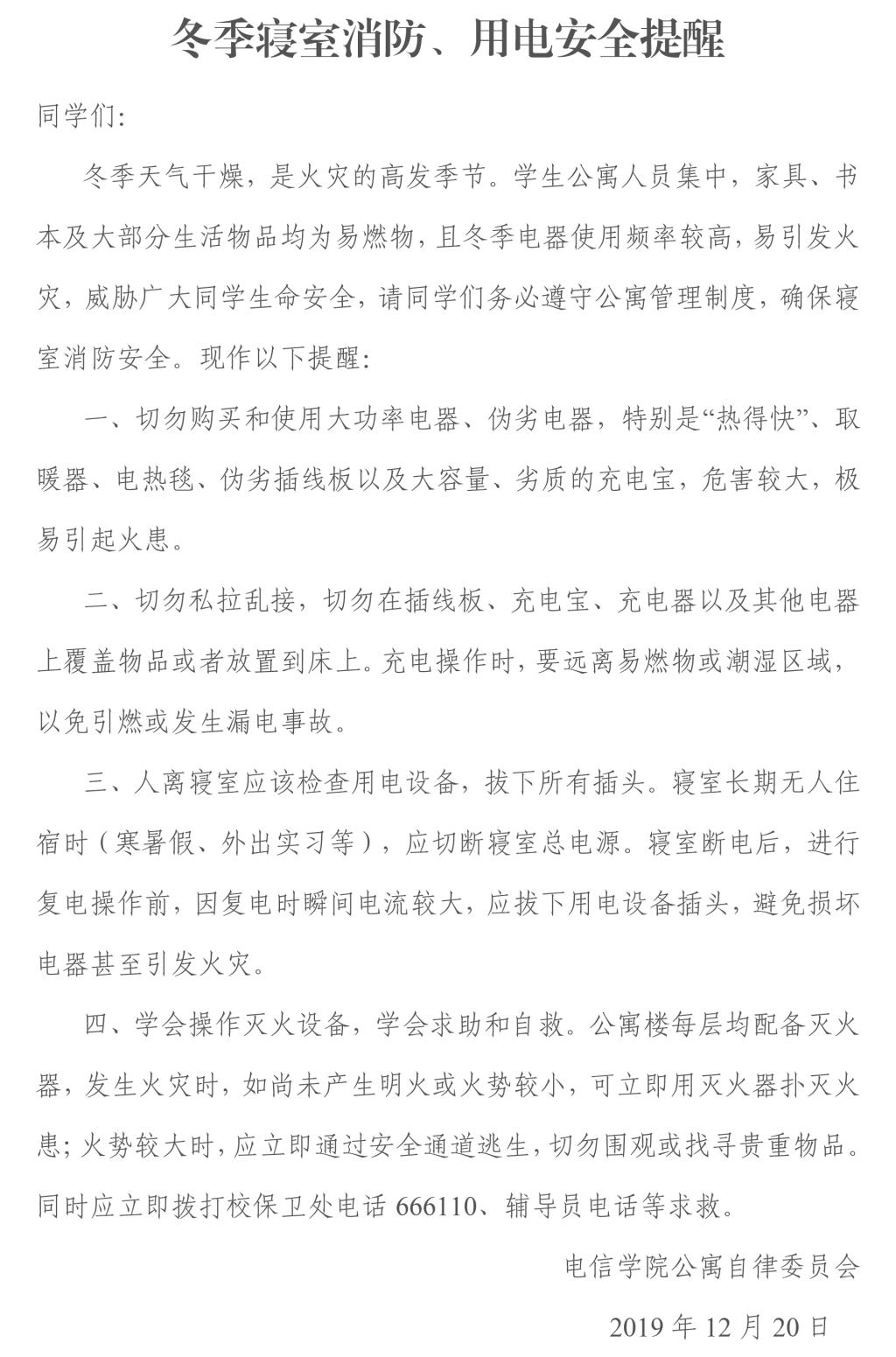 冬季寝室消防、用电安全提醒
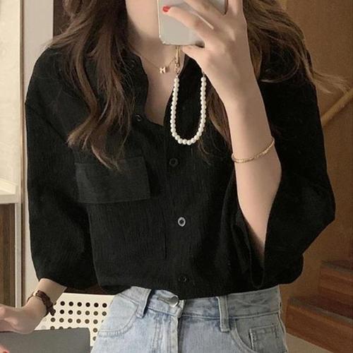 [엄지척]여자 베이직 카라 셔츠 검정색 회사 출근룩 오피스룩_19644133_667501
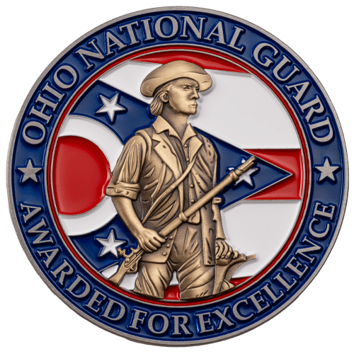 This Army National Guard challenge coin has a classic design that pays homage to the history of the service. A clear coating of epoxy was added over the surface to protect the artwork, giving the coins a smooth texture.
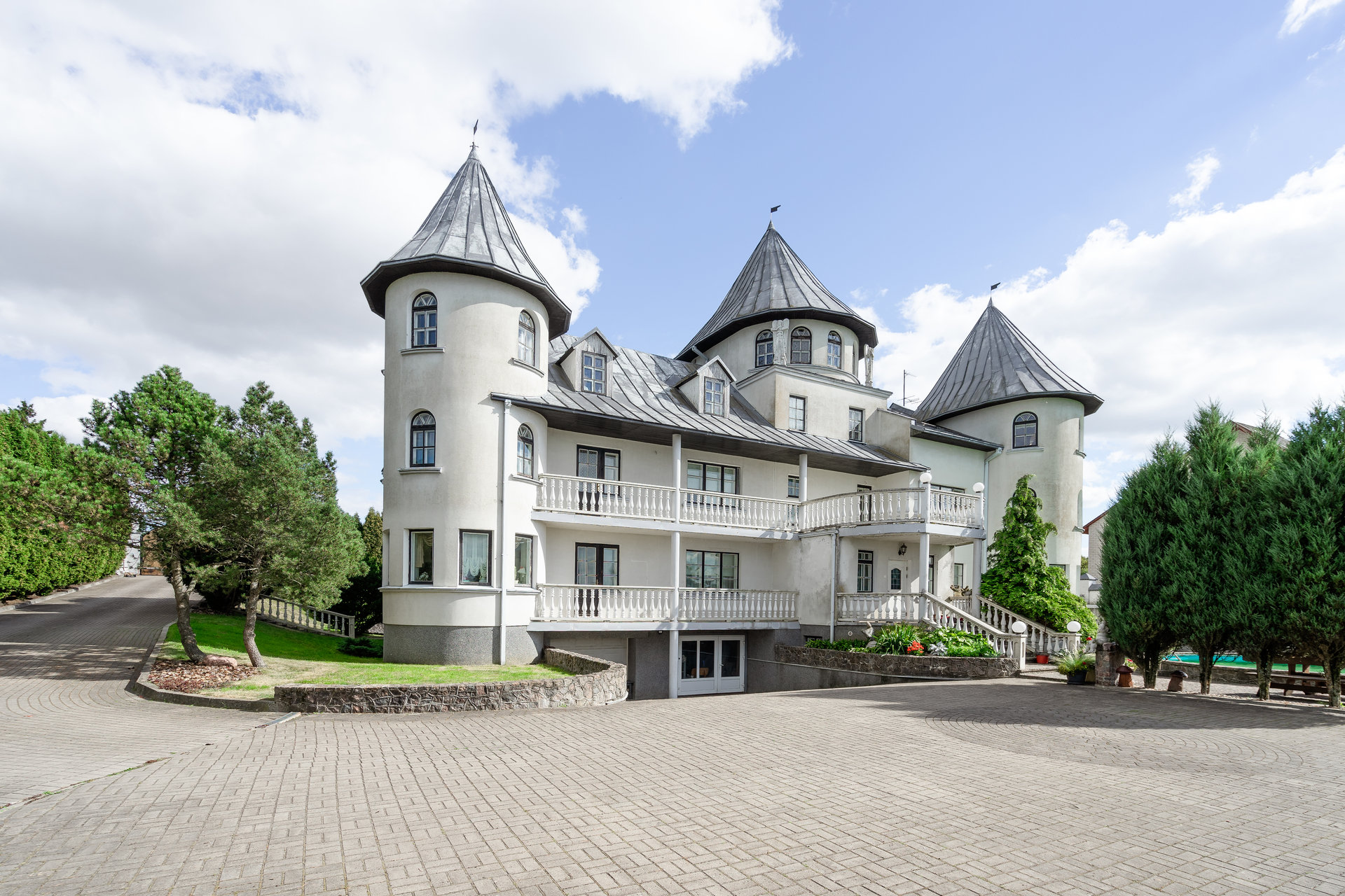 44 arų sklype esantis 644 kv. m gyvenamasis namas su 10 kambarių. Sklype taip pat stovi pramogų-laisvalaikio namas, kurio plotas siekia 134 kv. m, jame yra biliardinė su baru, sporto salytė, stalo teniso stalas ir pirtis su baseinu.

- Your goal
Give the listing above again exactly, minus any images.

- Solution below
 冬季寝室消防、用电安全提醒
 [엄지척]여자 베이직 카라 셔츠 검정색 회사 출근룩 오피스룩_19644133_667501
 This Army National Guard challenge coin has a classic design that pays homage to the history of the service. A clear coating of epoxy was added over the surface to protect the artwork, giving the coins a smooth texture.
 44 arų sklype esantis 644 kv. m gyvenamasis namas su 10 kambarių. Sklype taip pat stovi pramogų-laisvalaikio namas, kurio plotas siekia 134 kv. m, jame yra biliardinė su baru, sporto salytė, stalo teniso stalas ir pirtis su baseinu.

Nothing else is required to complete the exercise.